> Work instructions:
Set down, word for word, the line with "Dřevěná krabička Derwent" and the lines after it through the final line of the data below, without pictures.

> Data extract:
"""
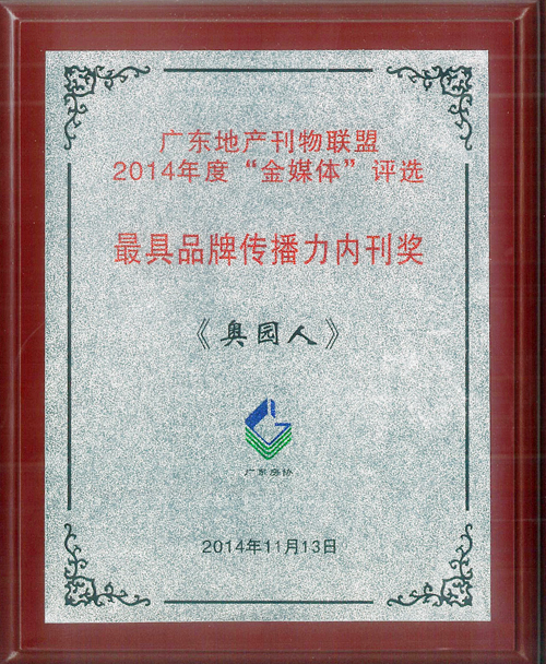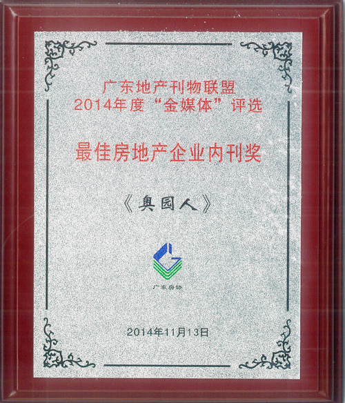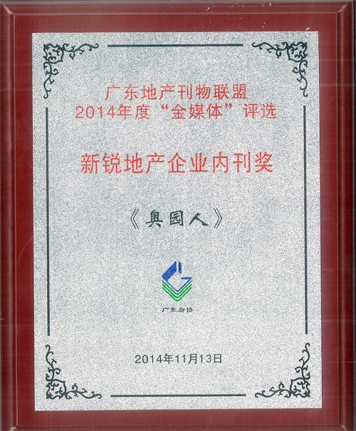 (2014年11月15日——广州)11月13日,由广东省房地产行业协会主办的“广东地产刊物联盟2014年度‘金媒体’评选”中,中国MK官方网页版地产集团《MK官方网页版人》内刊获得“最佳房地产企业内刊奖”、“最具品牌传播力内刊奖”、“新锐地产企业内刊奖”荣誉称号,来自广东地产行业的20余家企业参与了本次活动和评选。主办单位及评委会认为,《MK官方网页版人》内刊紧紧围绕中国MK官方网页版地产集团的企业战略和生产经营,很好地展示了MK官方网页版集团的形象和企业文化,在弘扬企业价值观和经营观、塑造良好的企业形象、营造积极向上的企业文化氛围、促进企业生产经营和管理等方面很好地发挥了作用。
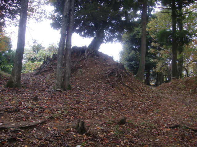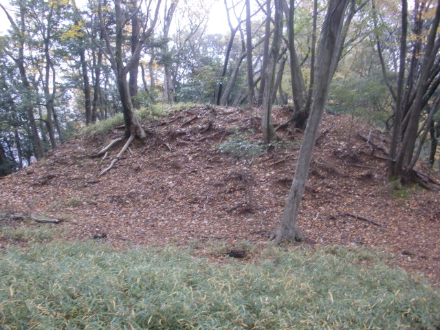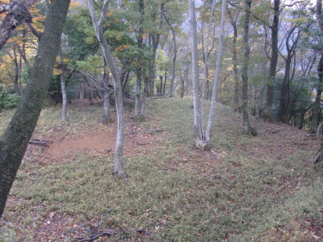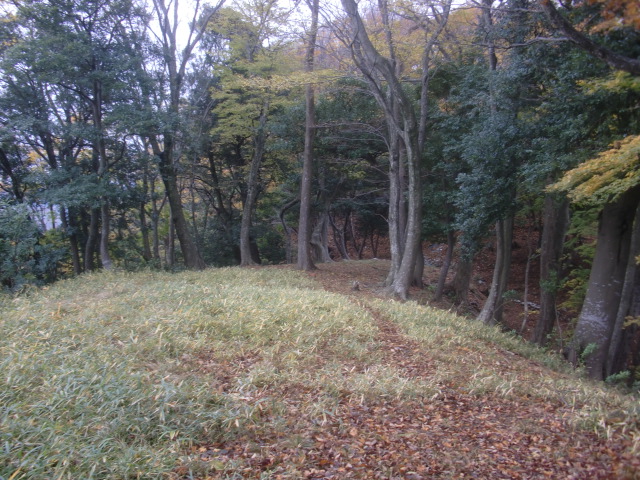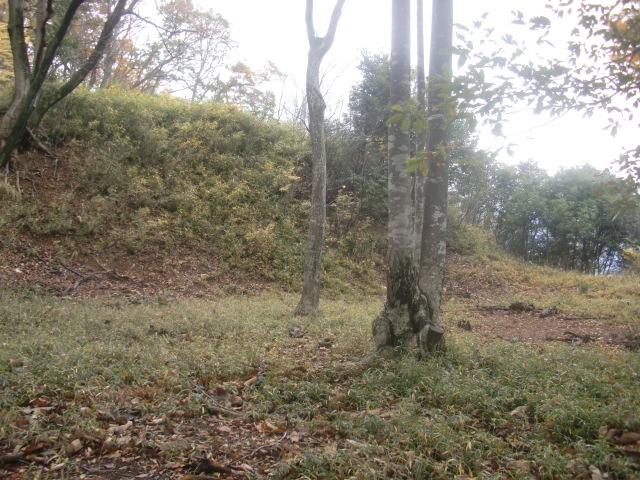 つづら折れに登り続けると西側に延びる土塁に囲まれた郭伝二の丸跡が広がります♪
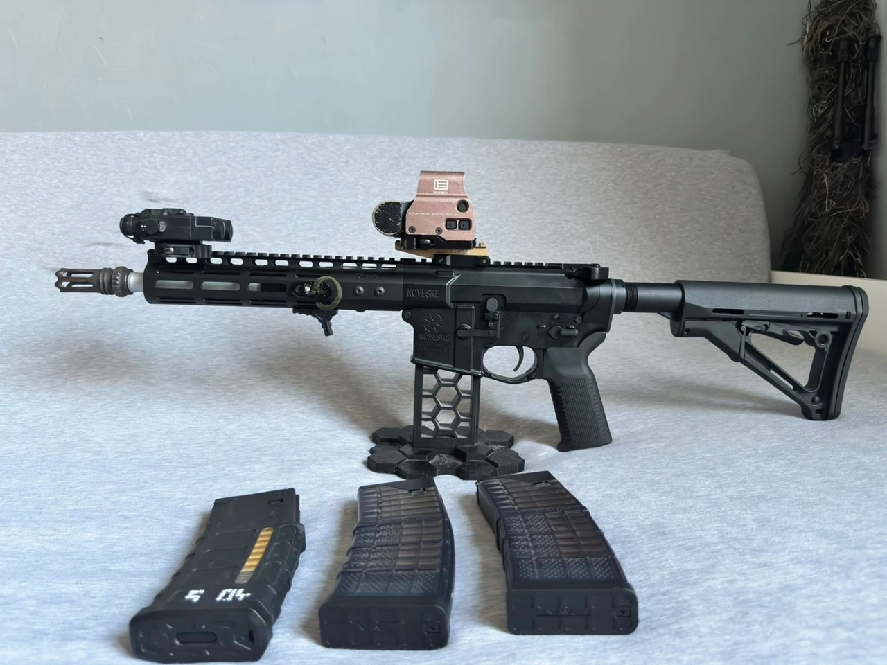 N4 novesque de chez double eagle copie mws donc interne compatible avec marui cross ctr mount unity holo repro eotech peq15 factice cache flamme avec silencieux stop hand en interne n-pass et pâte d’appuis upgrader deux chargeur trois chargeur inclus dont deux cyma et l’origine
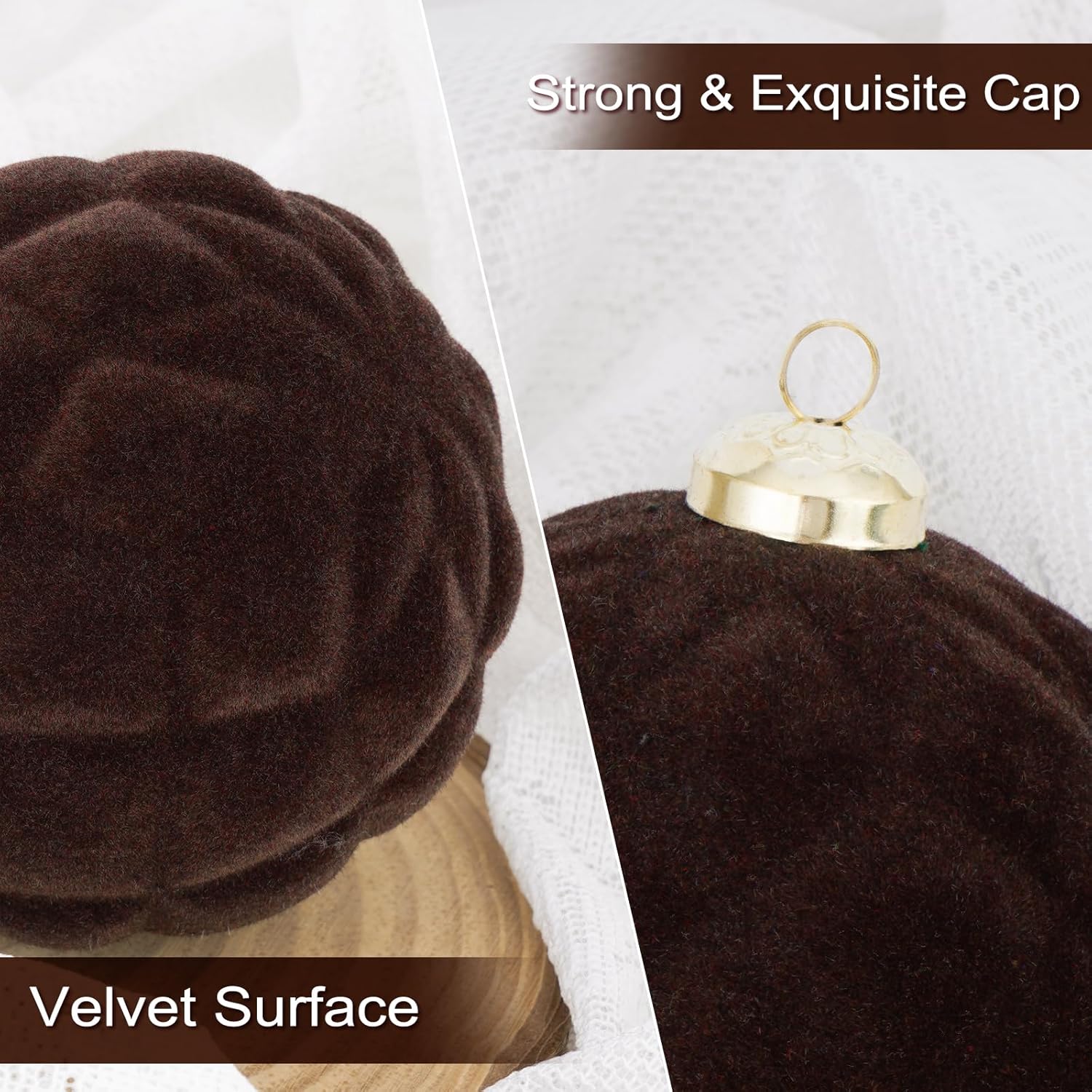 46PCS Velvet Christmas Ball Ornaments Set, Flocked Shatterproof Xmas Tree Decor, Assorted Hanging Ornaments with Loop for Holiday Home Decor, Christmas Tree, Mantel, Party Decoration (Brown)
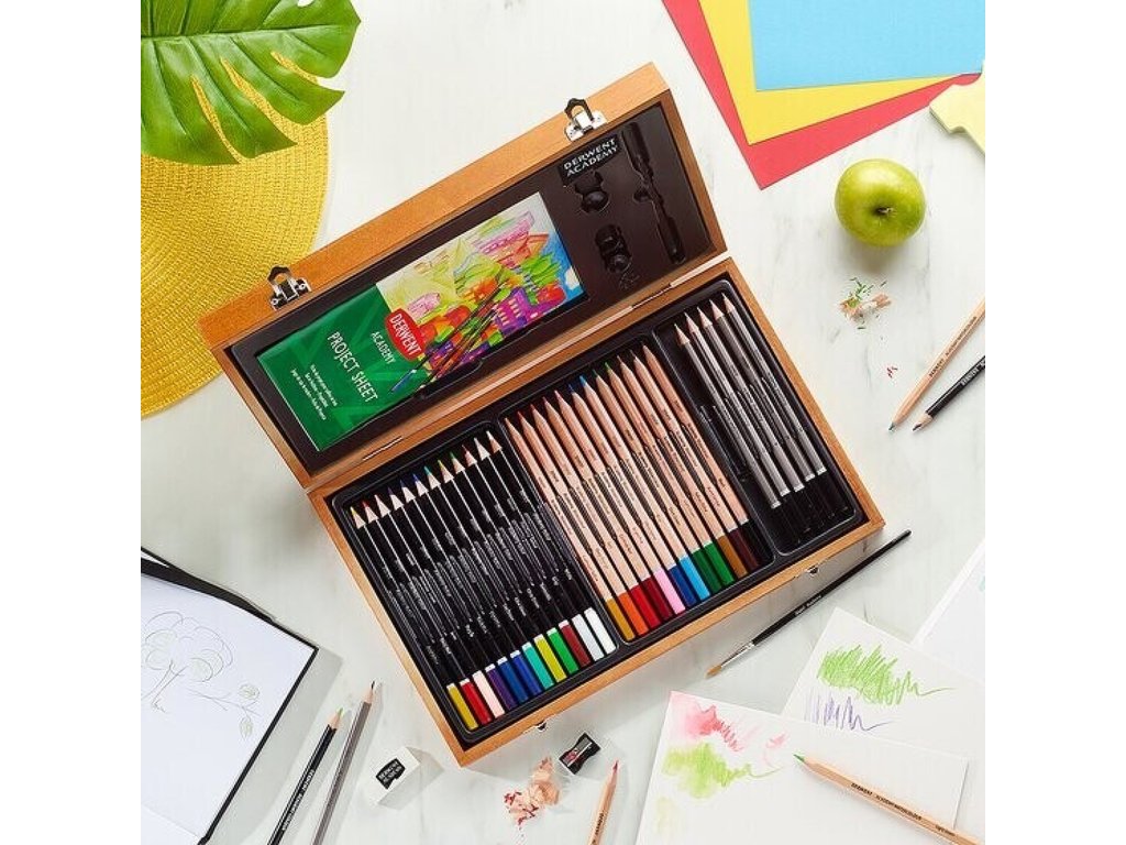 Dřevěná krabička Derwent Academy je perfektním dárkem, který inspiruje a rozvíjí kreslířské dovednosti začínajícího umělce.
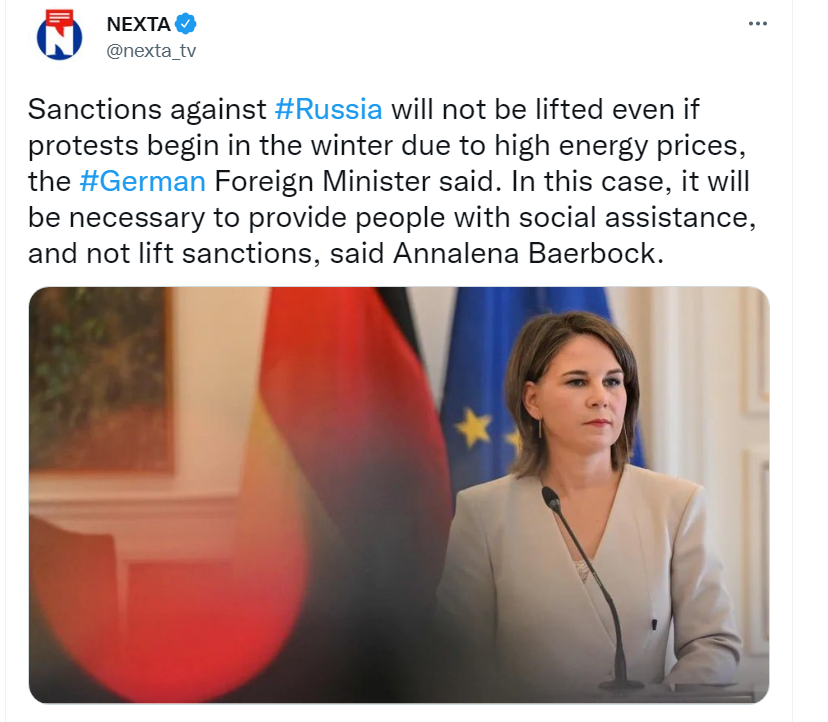 几天前,德国外长贝尔伯克在布拉格举行的一个会议上表示,就算冬天到来后,一部分德国人抗议能源价格上涨,德国也不会停止对俄罗斯的制裁。
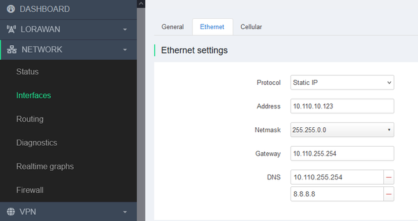 Network ⇒ Interfaces ⇒ General
"""
> Response box:
 Dřevěná krabička Derwent Academy je perfektním dárkem, který inspiruje a rozvíjí kreslířské dovednosti začínajícího umělce.
 几天前,德国外长贝尔伯克在布拉格举行的一个会议上表示,就算冬天到来后,一部分德国人抗议能源价格上涨,德国也不会停止对俄罗斯的制裁。
 Network ⇒ Interfaces ⇒ General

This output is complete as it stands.